▶ [WHAT NEEDS TO BE DONE]: Write out exactly the lines below starting at the one containing "6月27日,在北京市门头沟区" and ending at the one containing "Das Dokument von". Omit every picture.

▶ [MATERIAL FOR THE TASK]:

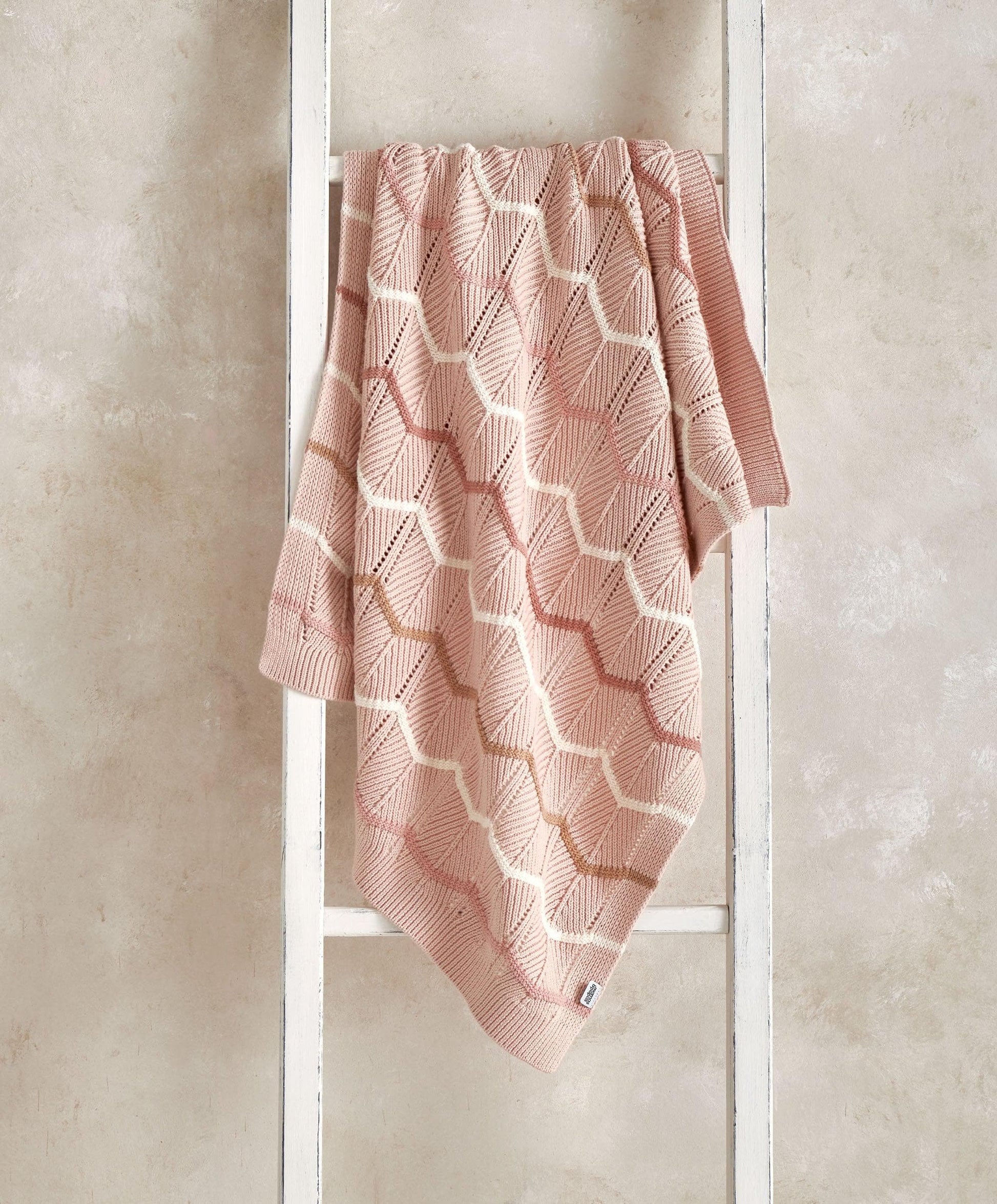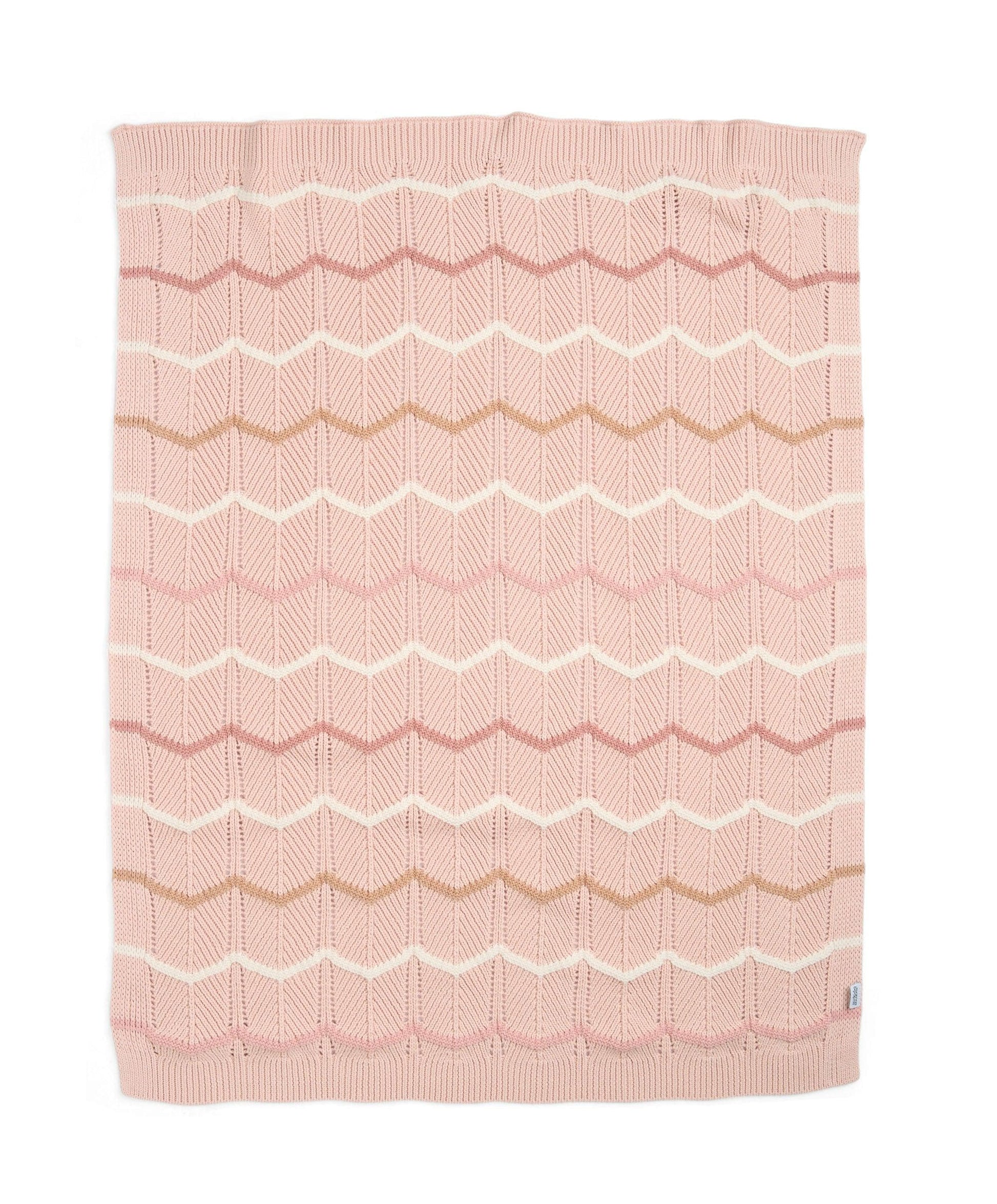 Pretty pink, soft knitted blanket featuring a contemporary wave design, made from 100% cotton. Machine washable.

...

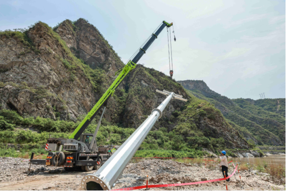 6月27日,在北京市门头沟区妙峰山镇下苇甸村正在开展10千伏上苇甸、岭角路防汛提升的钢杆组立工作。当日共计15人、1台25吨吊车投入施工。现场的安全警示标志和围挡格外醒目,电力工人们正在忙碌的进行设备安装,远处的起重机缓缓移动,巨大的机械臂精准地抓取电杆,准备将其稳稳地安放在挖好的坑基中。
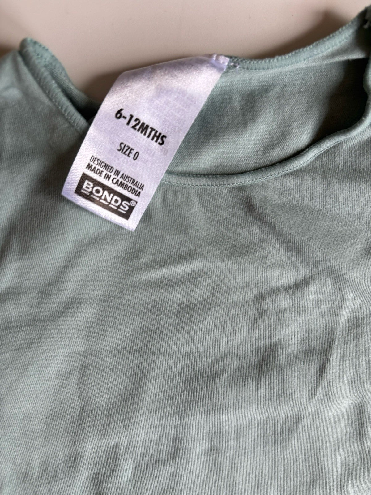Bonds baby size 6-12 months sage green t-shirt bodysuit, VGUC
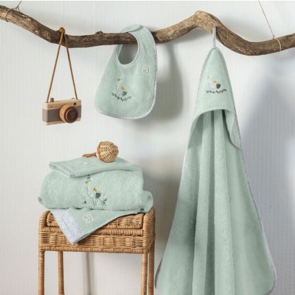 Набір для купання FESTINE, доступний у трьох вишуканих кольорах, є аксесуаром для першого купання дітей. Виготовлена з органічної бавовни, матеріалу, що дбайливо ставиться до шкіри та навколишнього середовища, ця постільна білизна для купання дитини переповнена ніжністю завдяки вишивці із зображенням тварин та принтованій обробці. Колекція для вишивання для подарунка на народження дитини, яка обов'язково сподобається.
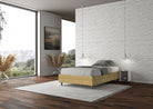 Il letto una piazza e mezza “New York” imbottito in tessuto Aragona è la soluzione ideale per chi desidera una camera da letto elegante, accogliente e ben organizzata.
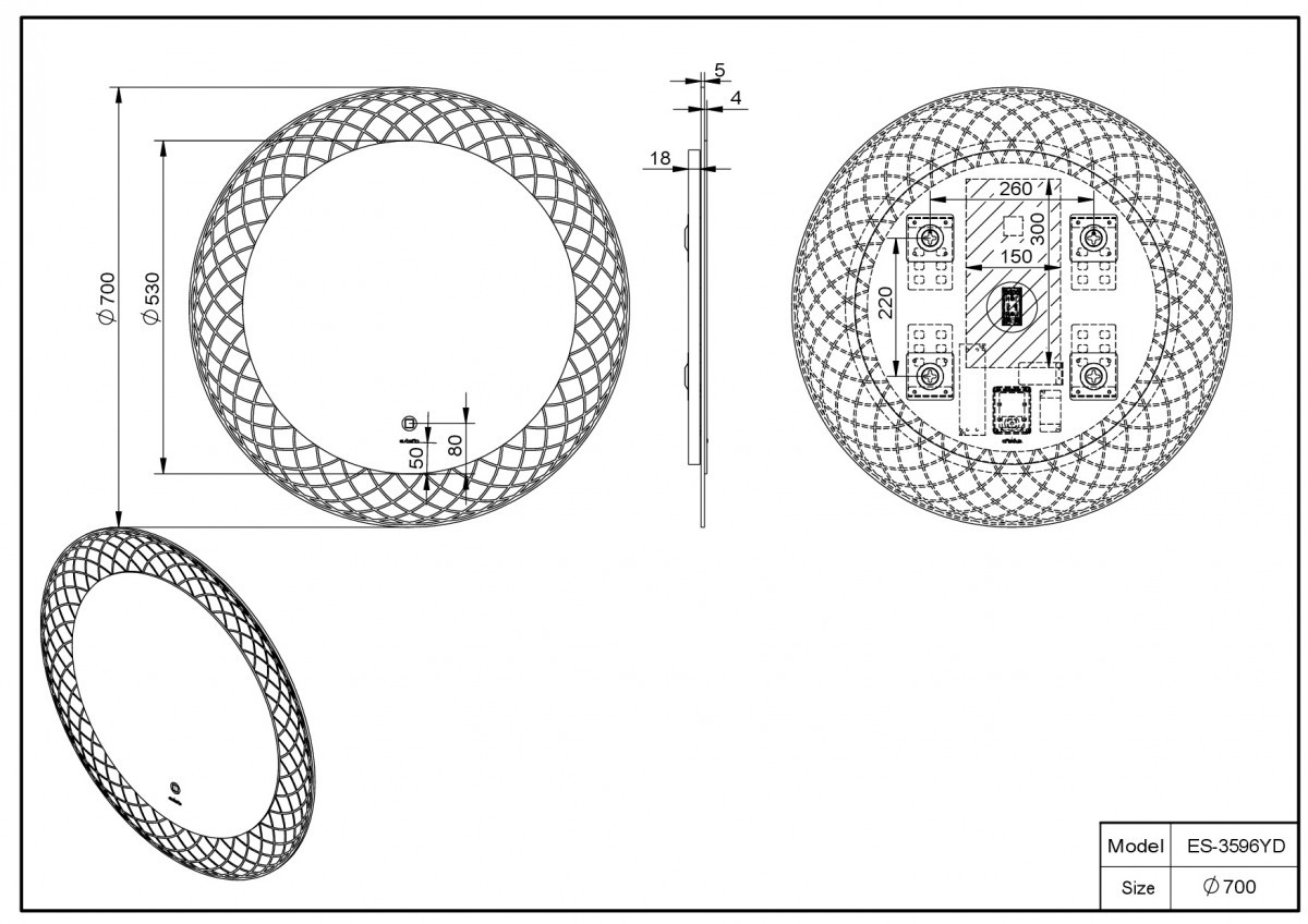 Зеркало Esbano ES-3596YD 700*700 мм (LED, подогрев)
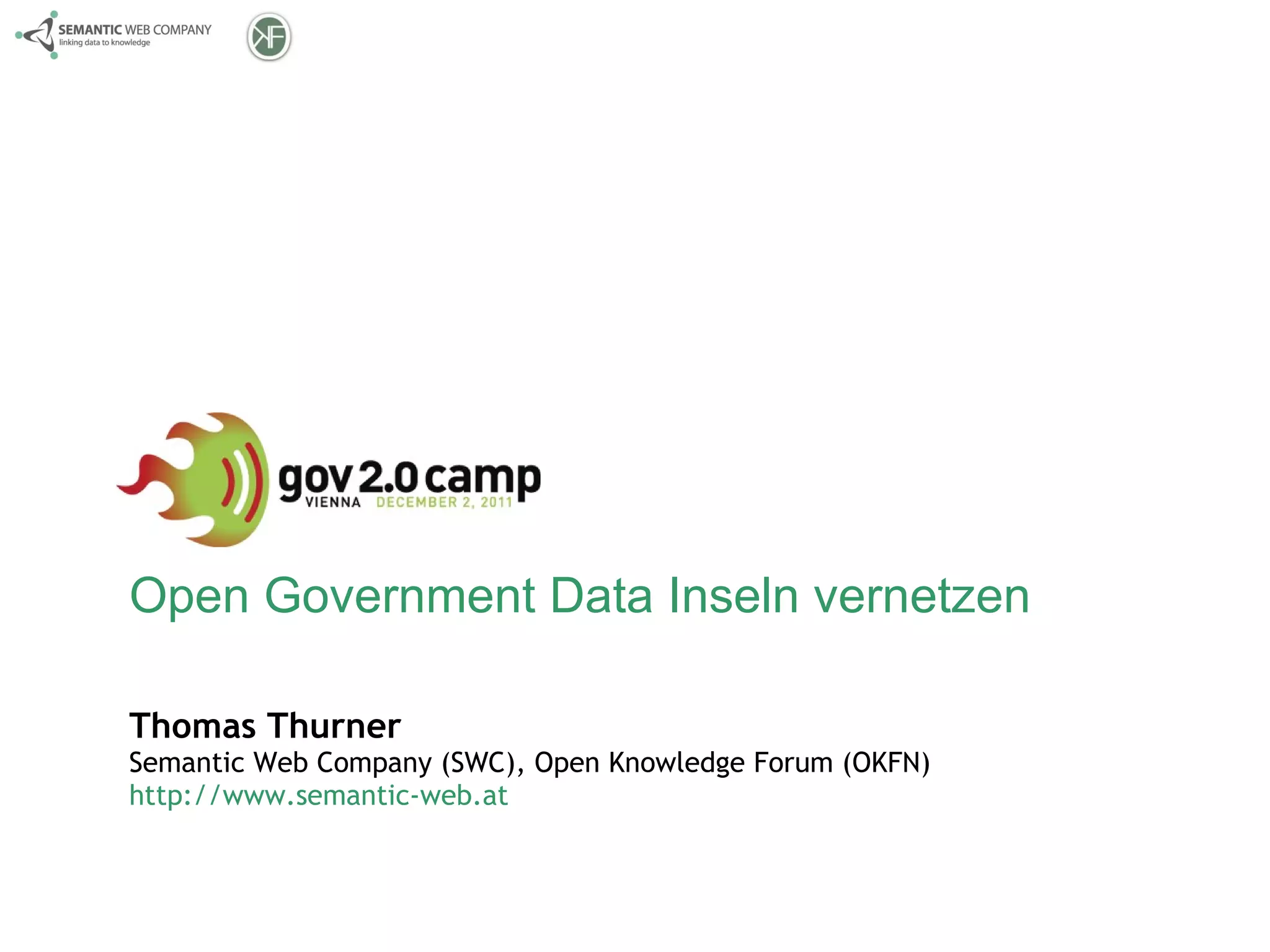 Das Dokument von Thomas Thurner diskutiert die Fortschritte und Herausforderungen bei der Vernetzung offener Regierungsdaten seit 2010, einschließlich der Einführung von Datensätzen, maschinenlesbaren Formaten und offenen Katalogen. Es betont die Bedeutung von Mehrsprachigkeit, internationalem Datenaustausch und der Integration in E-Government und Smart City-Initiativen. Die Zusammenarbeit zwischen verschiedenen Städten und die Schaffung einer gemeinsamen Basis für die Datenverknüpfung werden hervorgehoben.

--

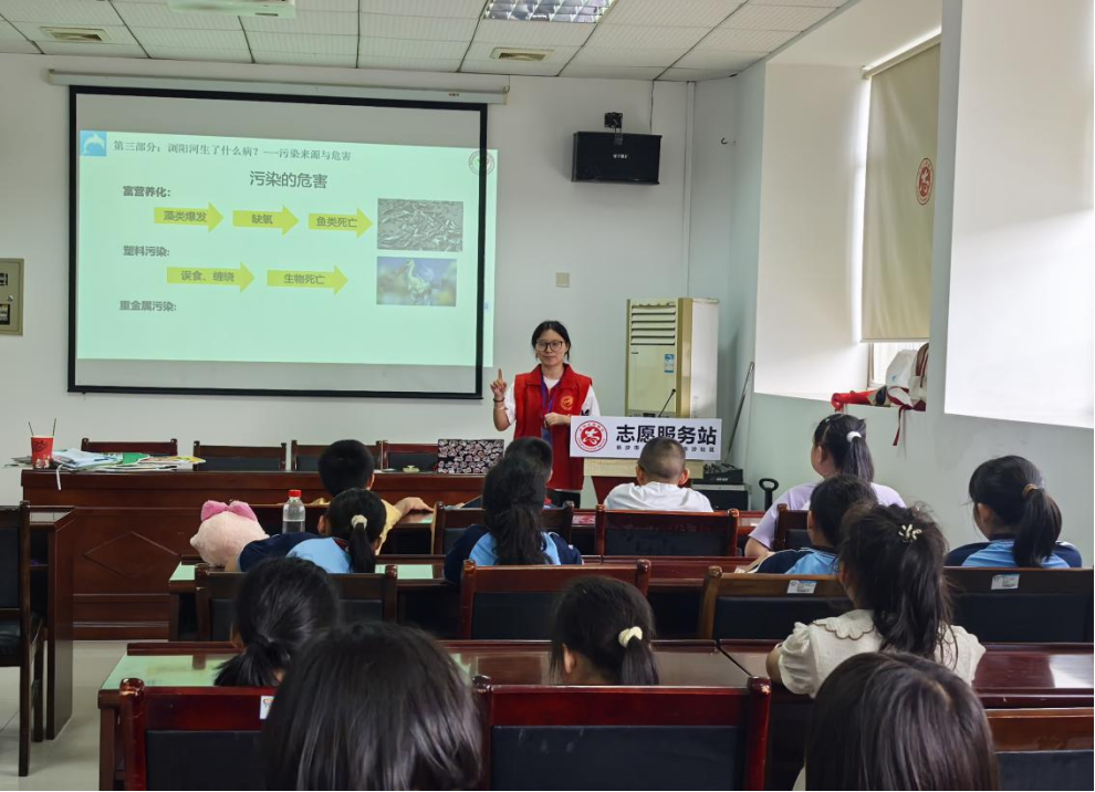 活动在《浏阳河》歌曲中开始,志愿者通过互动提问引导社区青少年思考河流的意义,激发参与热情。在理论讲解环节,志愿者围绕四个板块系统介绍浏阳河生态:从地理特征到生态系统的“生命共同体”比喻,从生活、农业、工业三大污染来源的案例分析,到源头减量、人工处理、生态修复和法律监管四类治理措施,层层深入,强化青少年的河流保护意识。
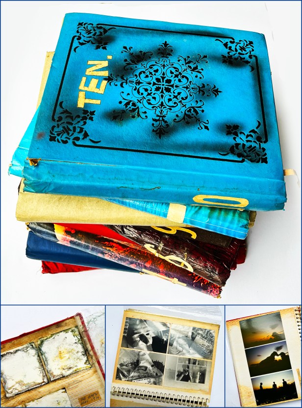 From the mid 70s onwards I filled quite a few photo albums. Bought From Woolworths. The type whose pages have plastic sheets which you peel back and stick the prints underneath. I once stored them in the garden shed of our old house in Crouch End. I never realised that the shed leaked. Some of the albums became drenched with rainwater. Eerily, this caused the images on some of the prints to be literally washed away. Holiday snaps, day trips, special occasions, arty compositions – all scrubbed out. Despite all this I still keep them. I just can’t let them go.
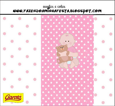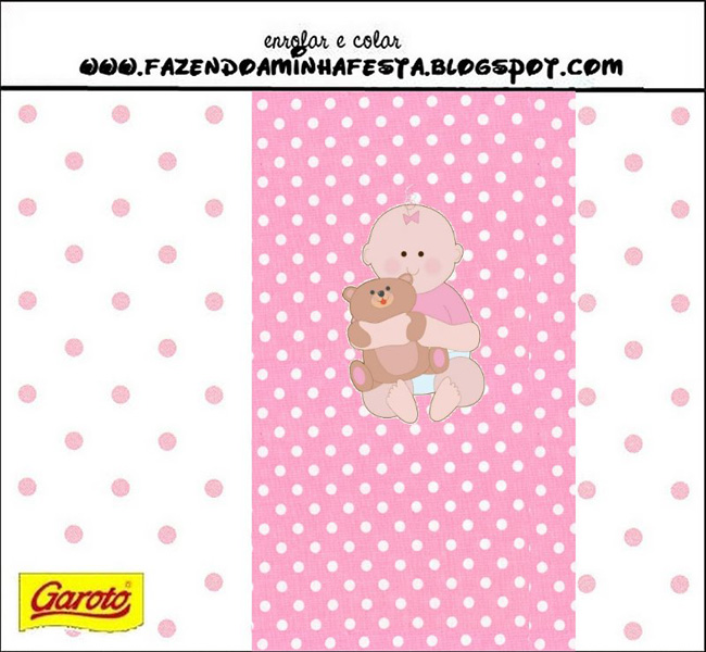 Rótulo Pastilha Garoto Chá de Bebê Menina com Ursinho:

▶ [PROBLEM SOLUTION]:
 6月27日,在北京市门头沟区妙峰山镇下苇甸村正在开展10千伏上苇甸、岭角路防汛提升的钢杆组立工作。当日共计15人、1台25吨吊车投入施工。现场的安全警示标志和围挡格外醒目,电力工人们正在忙碌的进行设备安装,远处的起重机缓缓移动,巨大的机械臂精准地抓取电杆,准备将其稳稳地安放在挖好的坑基中。
Bonds baby size 6-12 months sage green t-shirt bodysuit, VGUC
 Набір для купання FESTINE, доступний у трьох вишуканих кольорах, є аксесуаром для першого купання дітей. Виготовлена з органічної бавовни, матеріалу, що дбайливо ставиться до шкіри та навколишнього середовища, ця постільна білизна для купання дитини переповнена ніжністю завдяки вишивці із зображенням тварин та принтованій обробці. Колекція для вишивання для подарунка на народження дитини, яка обов'язково сподобається.
 Il letto una piazza e mezza “New York” imbottito in tessuto Aragona è la soluzione ideale per chi desidera una camera da letto elegante, accogliente e ben organizzata.
 Зеркало Esbano ES-3596YD 700*700 мм (LED, подогрев)
 Das Dokument von Thomas Thurner diskutiert die Fortschritte und Herausforderungen bei der Vernetzung offener Regierungsdaten seit 2010, einschließlich der Einführung von Datensätzen, maschinenlesbaren Formaten und offenen Katalogen. Es betont die Bedeutung von Mehrsprachigkeit, internationalem Datenaustausch und der Integration in E-Government und Smart City-Initiativen. Die Zusammenarbeit zwischen verschiedenen Städten und die Schaffung einer gemeinsamen Basis für die Datenverknüpfung werden hervorgehoben.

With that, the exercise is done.